* _Activity_
In the copy, include every record below exactly as it appears, but no pictures.

---------------

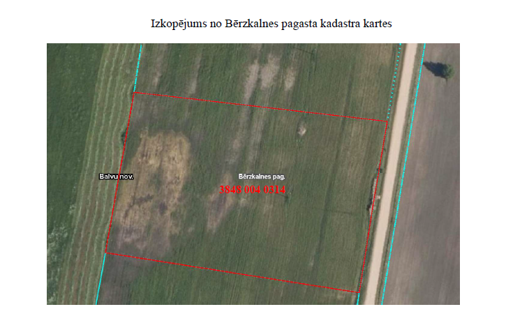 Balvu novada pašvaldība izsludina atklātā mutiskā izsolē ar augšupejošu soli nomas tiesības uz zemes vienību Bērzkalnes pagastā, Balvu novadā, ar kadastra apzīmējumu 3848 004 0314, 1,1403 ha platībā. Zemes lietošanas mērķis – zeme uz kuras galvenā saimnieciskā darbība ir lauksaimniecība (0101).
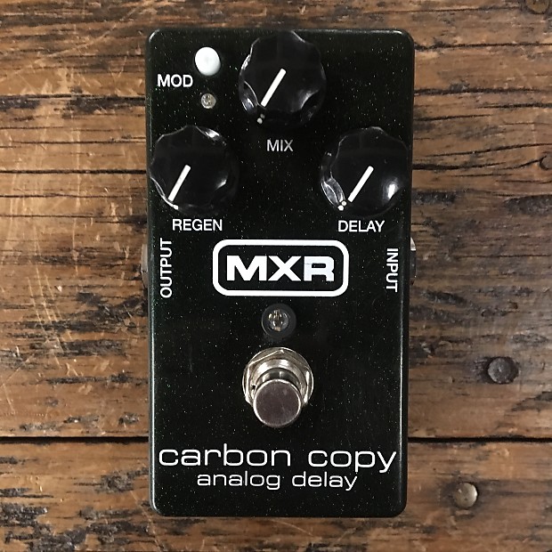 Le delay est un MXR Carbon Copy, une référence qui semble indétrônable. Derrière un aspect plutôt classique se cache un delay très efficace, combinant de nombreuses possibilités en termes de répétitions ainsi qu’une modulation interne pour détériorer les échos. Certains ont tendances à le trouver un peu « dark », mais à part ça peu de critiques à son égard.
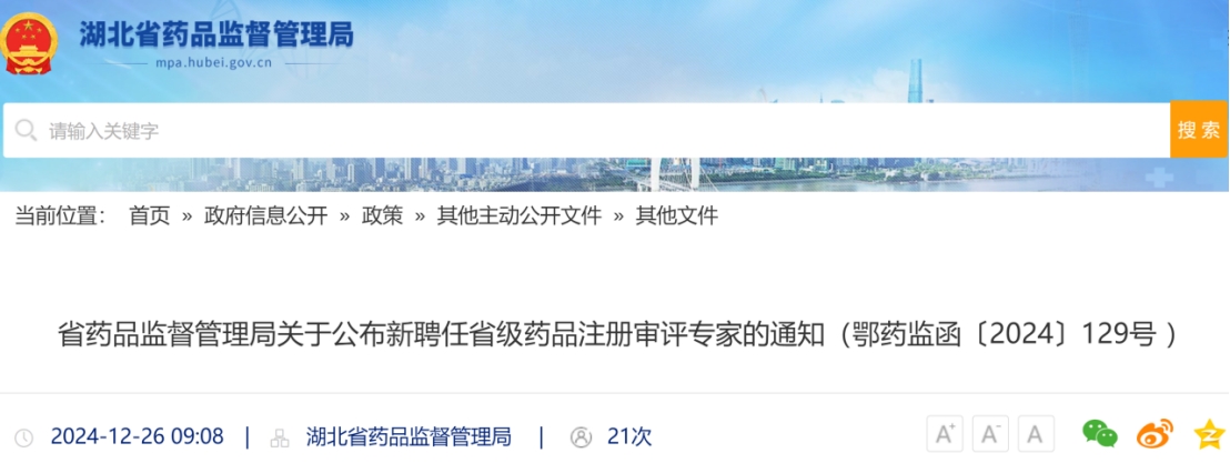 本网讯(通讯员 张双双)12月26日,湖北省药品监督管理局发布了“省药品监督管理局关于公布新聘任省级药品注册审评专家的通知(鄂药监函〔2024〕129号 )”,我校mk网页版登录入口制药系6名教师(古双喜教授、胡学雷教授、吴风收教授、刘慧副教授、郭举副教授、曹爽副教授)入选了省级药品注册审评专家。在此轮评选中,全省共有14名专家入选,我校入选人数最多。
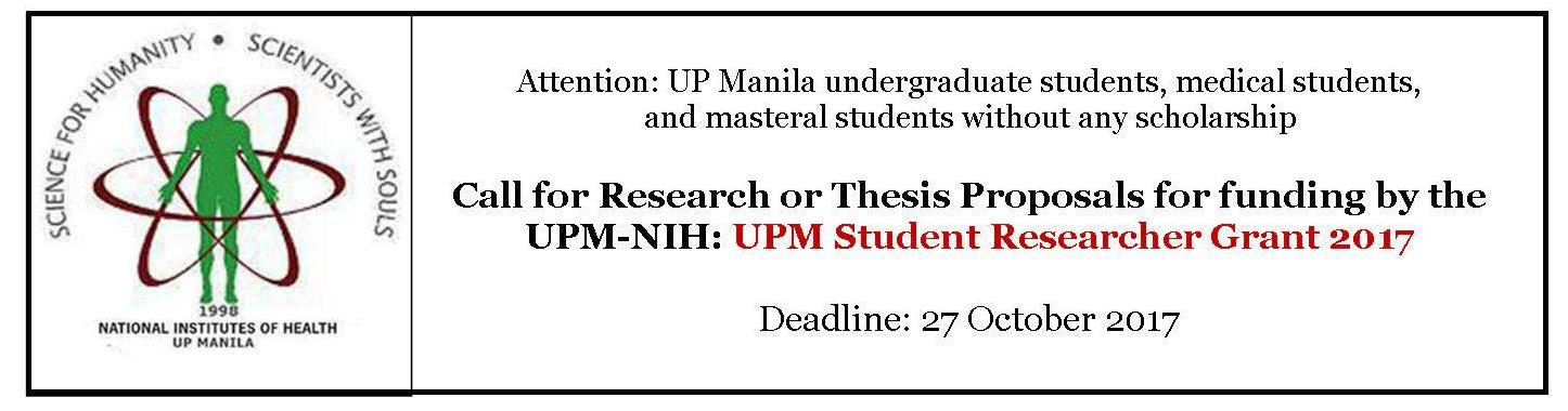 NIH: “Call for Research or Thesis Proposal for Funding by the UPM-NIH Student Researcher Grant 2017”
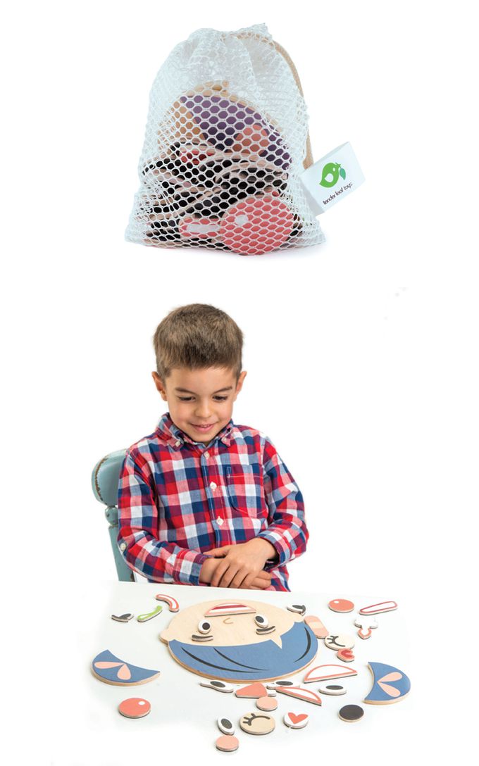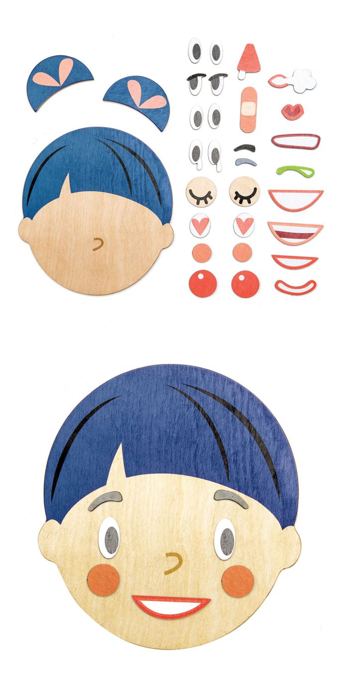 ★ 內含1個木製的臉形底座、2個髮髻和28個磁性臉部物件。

---------------

* _Problem solution_
 Balvu novada pašvaldība izsludina atklātā mutiskā izsolē ar augšupejošu soli nomas tiesības uz zemes vienību Bērzkalnes pagastā, Balvu novadā, ar kadastra apzīmējumu 3848 004 0314, 1,1403 ha platībā. Zemes lietošanas mērķis – zeme uz kuras galvenā saimnieciskā darbība ir lauksaimniecība (0101).
 Le delay est un MXR Carbon Copy, une référence qui semble indétrônable. Derrière un aspect plutôt classique se cache un delay très efficace, combinant de nombreuses possibilités en termes de répétitions ainsi qu’une modulation interne pour détériorer les échos. Certains ont tendances à le trouver un peu « dark », mais à part ça peu de critiques à son égard.
 本网讯(通讯员 张双双)12月26日,湖北省药品监督管理局发布了“省药品监督管理局关于公布新聘任省级药品注册审评专家的通知(鄂药监函〔2024〕129号 )”,我校mk网页版登录入口制药系6名教师(古双喜教授、胡学雷教授、吴风收教授、刘慧副教授、郭举副教授、曹爽副教授)入选了省级药品注册审评专家。在此轮评选中,全省共有14名专家入选,我校入选人数最多。
 NIH: “Call for Research or Thesis Proposal for Funding by the UPM-NIH Student Researcher Grant 2017”
 ★ 內含1個木製的臉形底座、2個髮髻和28個磁性臉部物件。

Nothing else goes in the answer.